[Stored items from a collection]
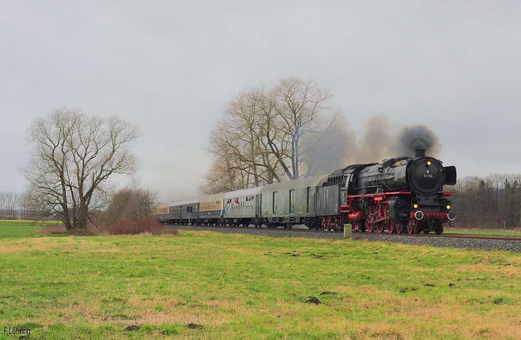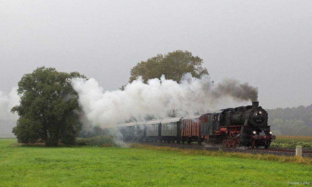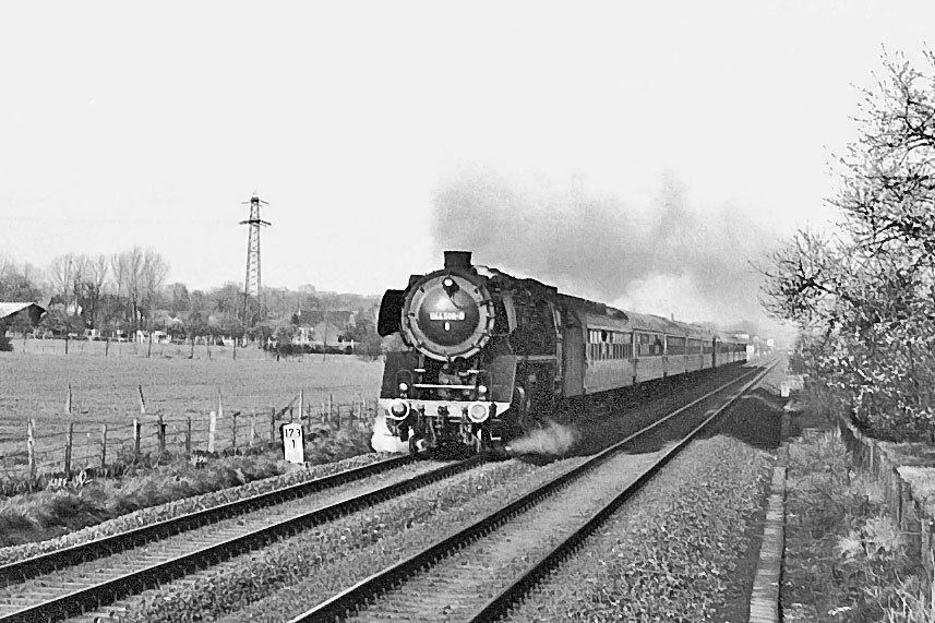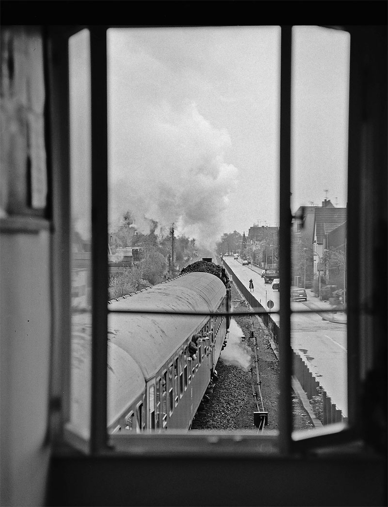 beigefarbenem Zierstreifen mit dem heftig staubenden Zug nach HOESCH in Do-Hörde
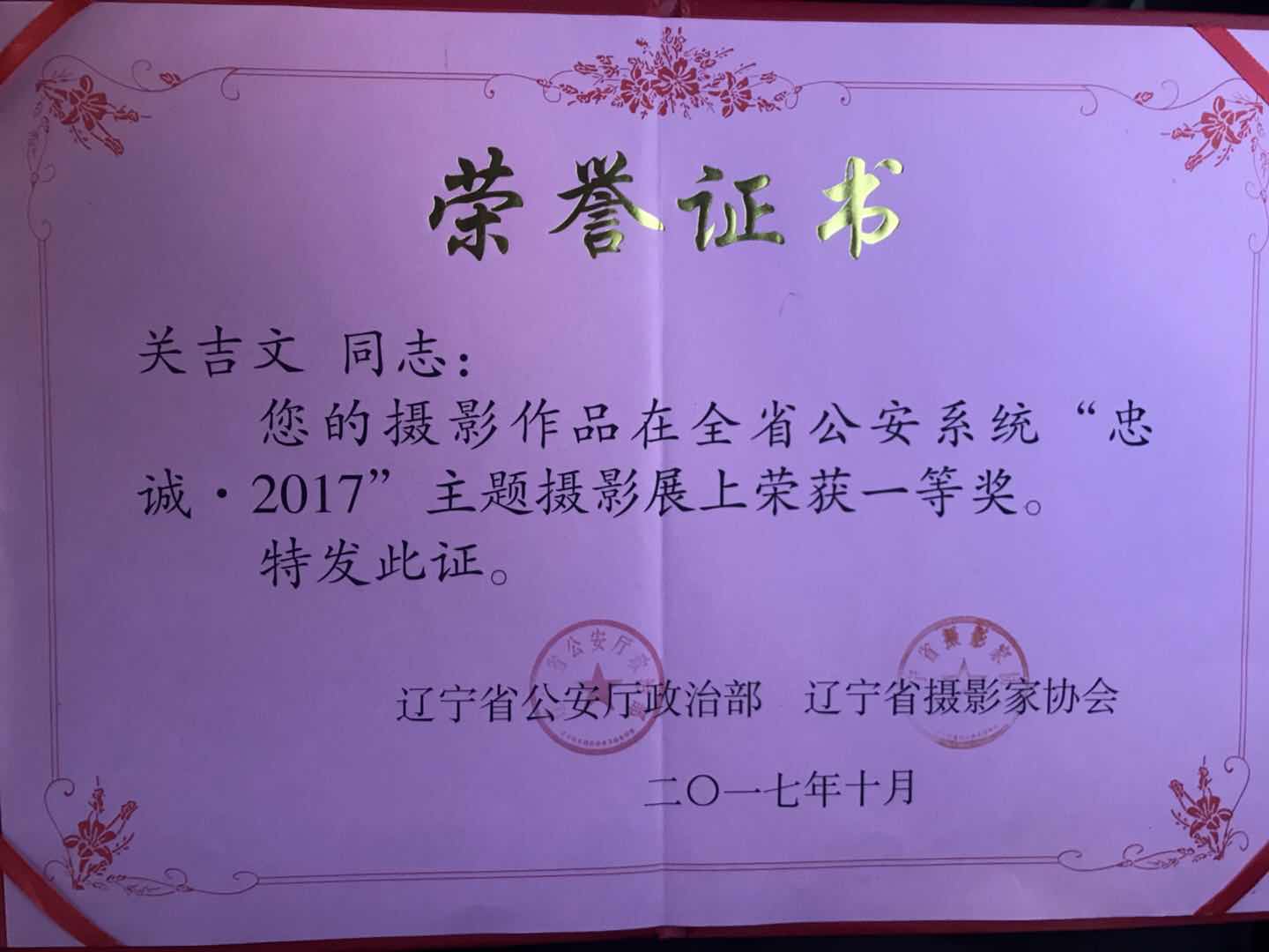 关吉文参展摄影作品“月圆之夜”,反映了本溪交警在十九大安保中忠于职守,勇于拼搏的奋斗精神,体现了本溪交警特别能战斗和特别能奉献的工作作风,受到了参与主题摄影展领导和同志们的高度评价。
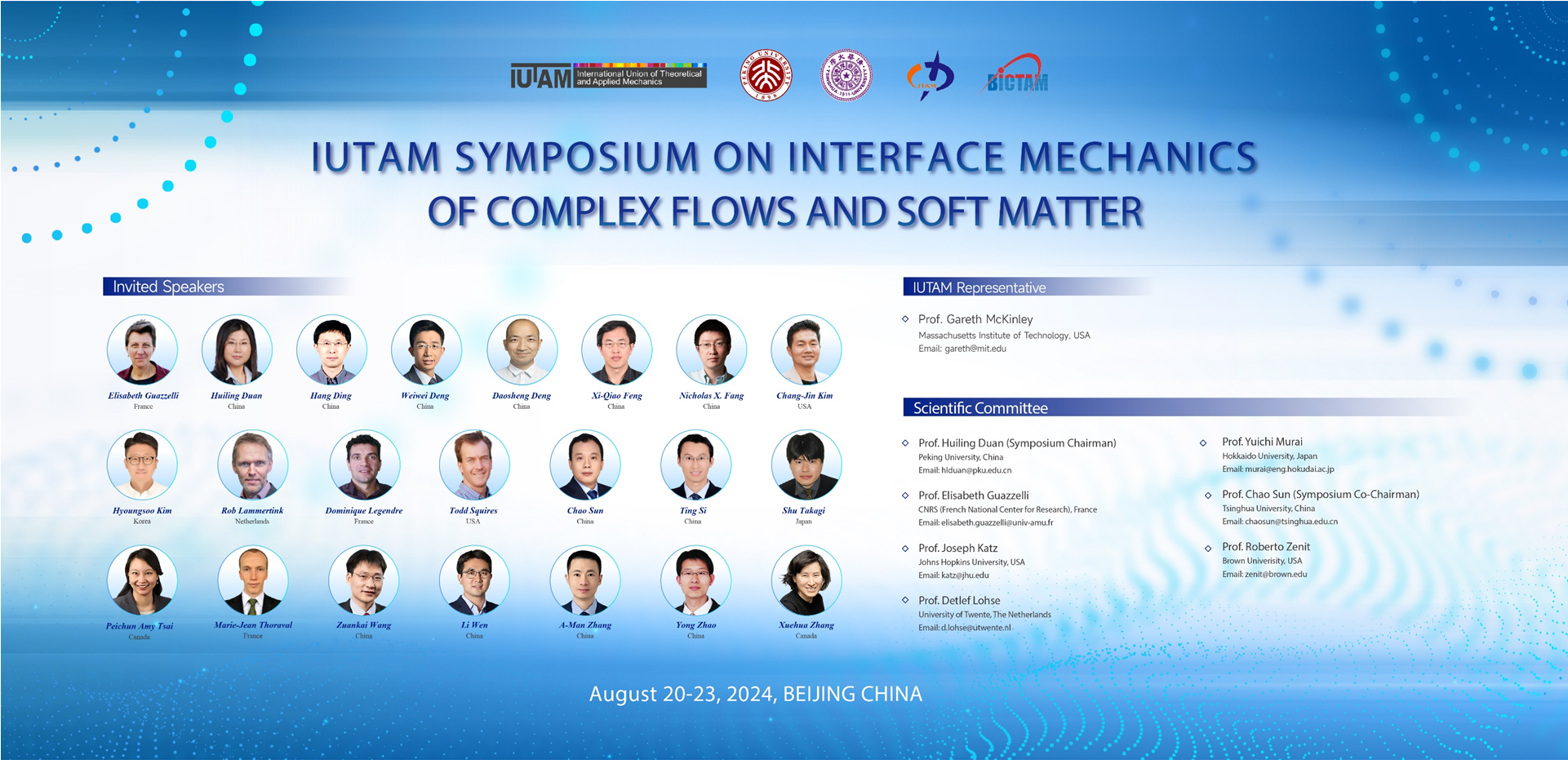 2024年8月20日至23日,国际理论与应用力学联盟(IUTAM)“复杂流动与软物质界面力学”国际研讨会(IUTAM Symposium on Interface Mechanics of Complex Flows and Soft Matter)在WilliamHill中文官网入口成功举办。本次研讨会由国际理论与应用力学联盟(IUTAM)主办,WilliamHill中文官网入口和清华大学承办,并得到中国力学学会和北京国际力学中心的支持。会议由WilliamHill中文官网入口段慧玲院士和清华大学孙超教授共同担任大会主席,旨在交流讨论复杂流动和软物质界面力学的基本问题和主要挑战,为从事相关领域的专家学者们提供一个高质量的国际学术交流平台,促进全球不同国家领域学者进行思想交流,助力多相流与软物质界面力学等领域的发展。
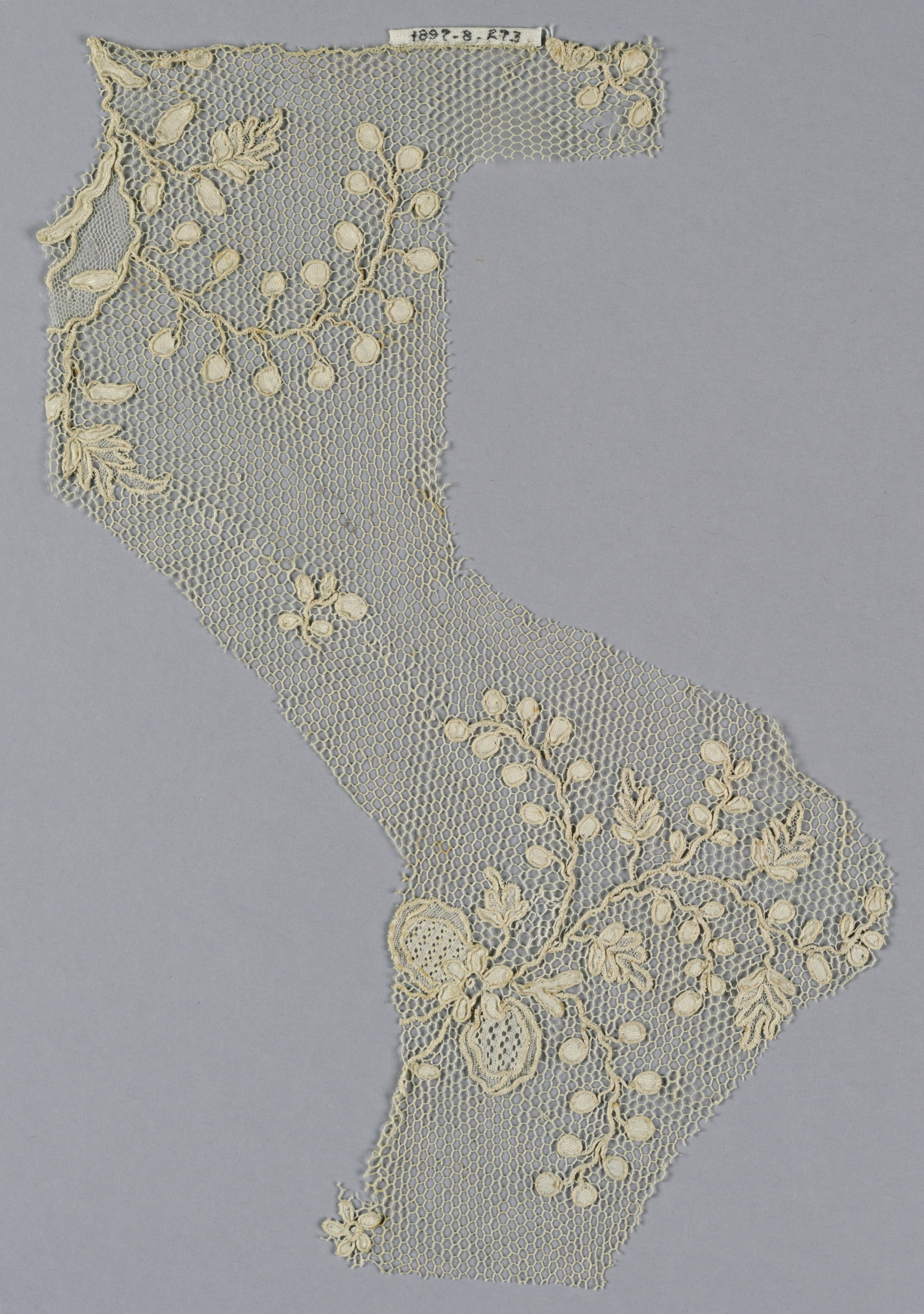 This is a Fragment. It is dated late 18th century. Its medium is linen and its technique is needle lace. It is a part of the Textiles department.
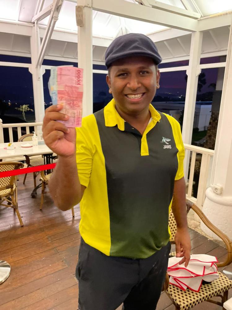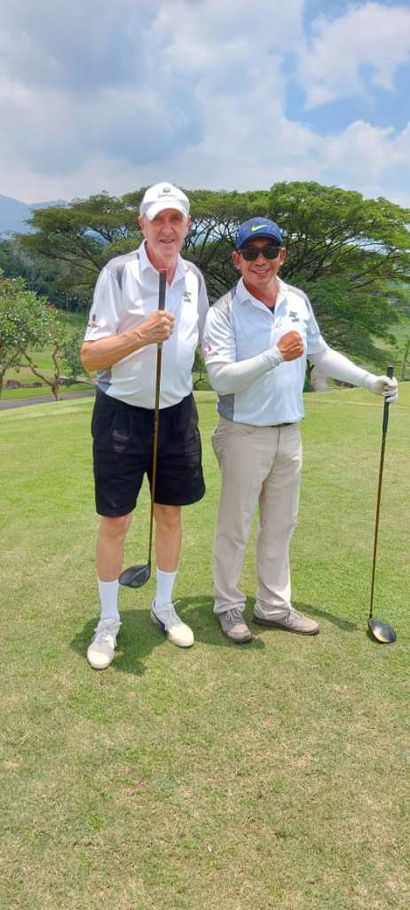 Willi hits 3m from hole and sinks it for 5. Yudhi fluffs a couple and 3 puts for 7 for net 6. Willi wins the hole and the rest is history at 7/6 for Willi. Yudhi learned a lot from the putting and chipping master so not a total loss.
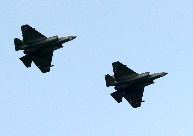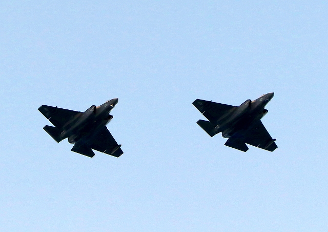 米海軍艦載機 F-35C ライトニングⅡ 戦闘機(岩国基地)、NF、300番機、304番機が2機編隊で帰還 |
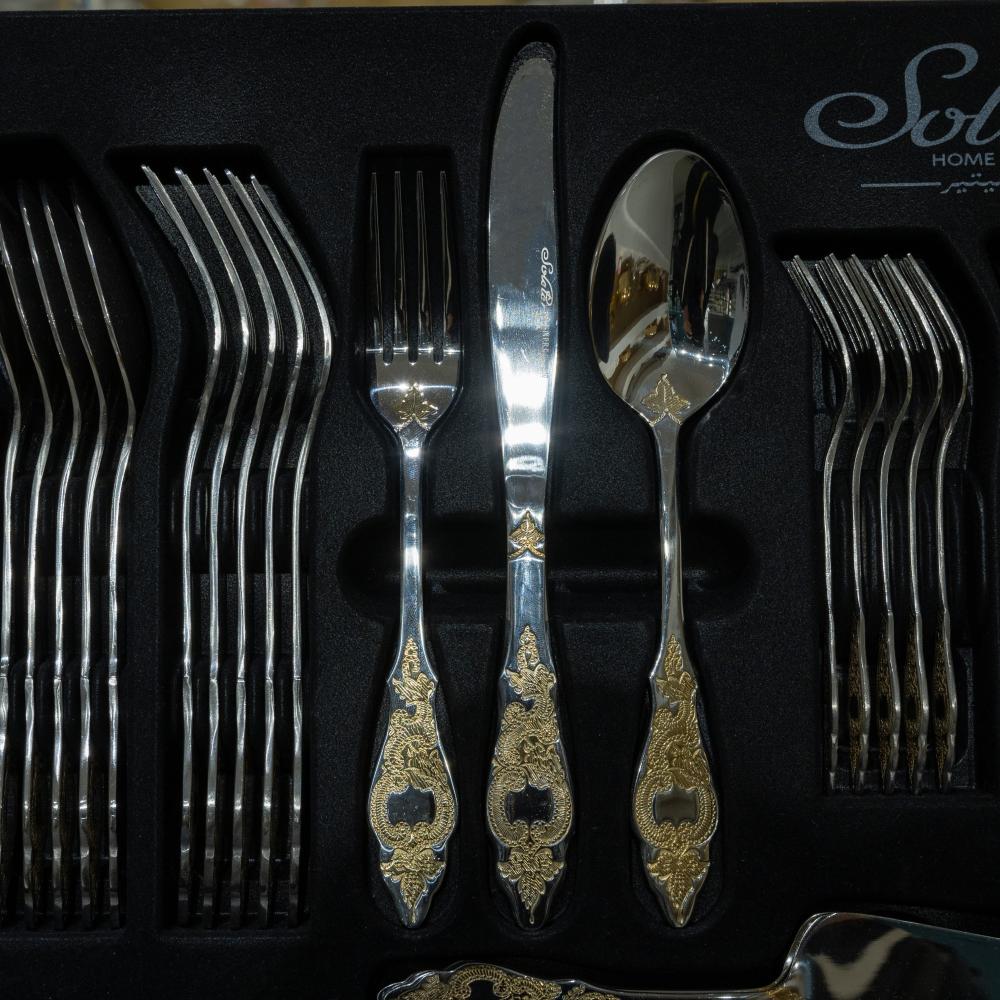 شنطة ملاعق وشوك من سولتير طقم 72 حبة، لون فضي بنقوش ذهبي
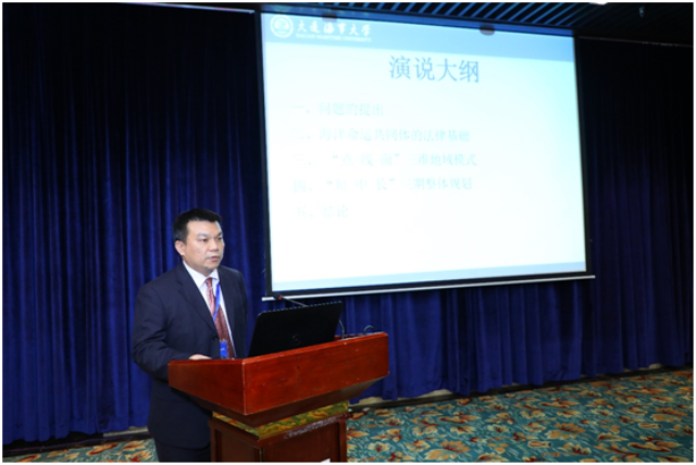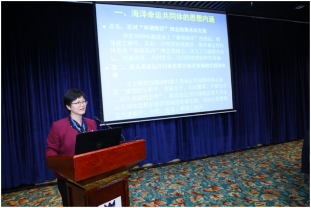 大连海事大学太阳集团tyc539教授张晏瑲做题为“海洋命运共同体的法律实施路径研究”发言

• [Exercise goal] From the first line to the last, retype the data exactly, without images.

• [Result for this exercise]
 beigefarbenem Zierstreifen mit dem heftig staubenden Zug nach HOESCH in Do-Hörde
 关吉文参展摄影作品“月圆之夜”,反映了本溪交警在十九大安保中忠于职守,勇于拼搏的奋斗精神,体现了本溪交警特别能战斗和特别能奉献的工作作风,受到了参与主题摄影展领导和同志们的高度评价。
 2024年8月20日至23日,国际理论与应用力学联盟(IUTAM)“复杂流动与软物质界面力学”国际研讨会(IUTAM Symposium on Interface Mechanics of Complex Flows and Soft Matter)在WilliamHill中文官网入口成功举办。本次研讨会由国际理论与应用力学联盟(IUTAM)主办,WilliamHill中文官网入口和清华大学承办,并得到中国力学学会和北京国际力学中心的支持。会议由WilliamHill中文官网入口段慧玲院士和清华大学孙超教授共同担任大会主席,旨在交流讨论复杂流动和软物质界面力学的基本问题和主要挑战,为从事相关领域的专家学者们提供一个高质量的国际学术交流平台,促进全球不同国家领域学者进行思想交流,助力多相流与软物质界面力学等领域的发展。
 This is a Fragment. It is dated late 18th century. Its medium is linen and its technique is needle lace. It is a part of the Textiles department.
 Willi hits 3m from hole and sinks it for 5. Yudhi fluffs a couple and 3 puts for 7 for net 6. Willi wins the hole and the rest is history at 7/6 for Willi. Yudhi learned a lot from the putting and chipping master so not a total loss.
 米海軍艦載機 F-35C ライトニングⅡ 戦闘機(岩国基地)、NF、300番機、304番機が2機編隊で帰還 |
 شنطة ملاعق وشوك من سولتير طقم 72 حبة، لون فضي بنقوش ذهبي
 大连海事大学太阳集团tyc539教授张晏瑲做题为“海洋命运共同体的法律实施路径研究”发言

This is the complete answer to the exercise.